Type-I vs. type-II error in statistical hypotheses testing Let us consider standard statistical hypotheses testing:
$$\alpha=P\{\text{type}-I  \text{ error}\}=P\{\text{Rejecting } H_0 \text{  when }H_0\text{ is true}\}$$
and
$$\beta=P\{\text{type}-II  \text{ error}\}=P\{\text{Accepting } H_0 \text{  when }H_1\text{ is true}\}.$$
My question is as follows: could you give an example of $\alpha$ and $\beta$
when tossing 10 coins so that I can see that it does not hold this equation:
$$\alpha=1-\beta.$$
More specifically, compose an outcome so that inequality between $\alpha$ and $1-\beta$ is seen.

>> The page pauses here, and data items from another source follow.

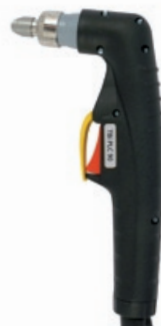
TBi PLC 90

70 A / 60% воздух, 4.5-5.0 bar 130 л/мин воздушное CEBORA® P70
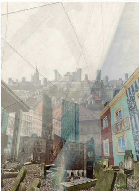
Trans-Polska sans titre

Au travers de textes extraits de pièces de théâtre, de nouvelles ou de romans, Cédric Le Maoût fera résonner les peintures de l'exposition Pologne avec la littérature polonaise. Sur fond de projections de photographies de la Pologne d'aujourd'hui et accompagné par l'ancien premier violon de l'ONL, Stephan Stalanowski, ils interpréteront des extraits d'œuvres musicales, allant du romantisme de Chopin à l'électro de la scène actuelle polonaise. Un spectacle « patchwork » pour faire résonner ensemble les arts polonais.
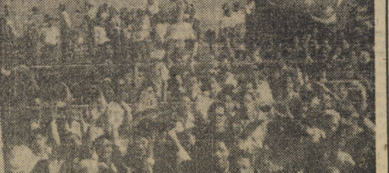
Manifestación de antibrutalismo en El Cairo al conocerse la proposición de romper el tratado angloegipcio que ha presentado el Gobierno. Aquí se ve a los manifestantes que gritaban abajo Inglaterra.

LONDRES, 13. — El secretario del Foreign Office, Herbert Morrison, ha advertido a Egipto, que Gran Bretaña contestará a la fuerza con la fuerza si Egipto intenta arrojar a las tropas británicas de sus bases en la zona del Canal de Suez. — Efe.

 A: Suppose you have two boxes of dice, one is a box of fair dice in which all faces are equally likely. The other has loaded dice for which the probability of getting a six is is 1/3. The labels are missing so you will roll a sample of 50 dice from each box to try to identify which box has the loaded dice.
Let $H_0: \text{FAIR},$ so that $p_0(6) = 1/6$ and let
$H_a: \text{LOADED},$ so that $p_a(6) = 1/3.$
In the figure below, blue bars represent the null
distribution under which the number of 6's seen in $n = 50$ trials is $\mathsf{Binom}(n = 50,\, p = 1/6).$ And
let the brown bars represent the alternative
distribution under which the number of 6's seen is
$\mathsf{Binom}(n = 50,\, p = 1/3).$

You choose critical value $c = 10.5$ (dotted line).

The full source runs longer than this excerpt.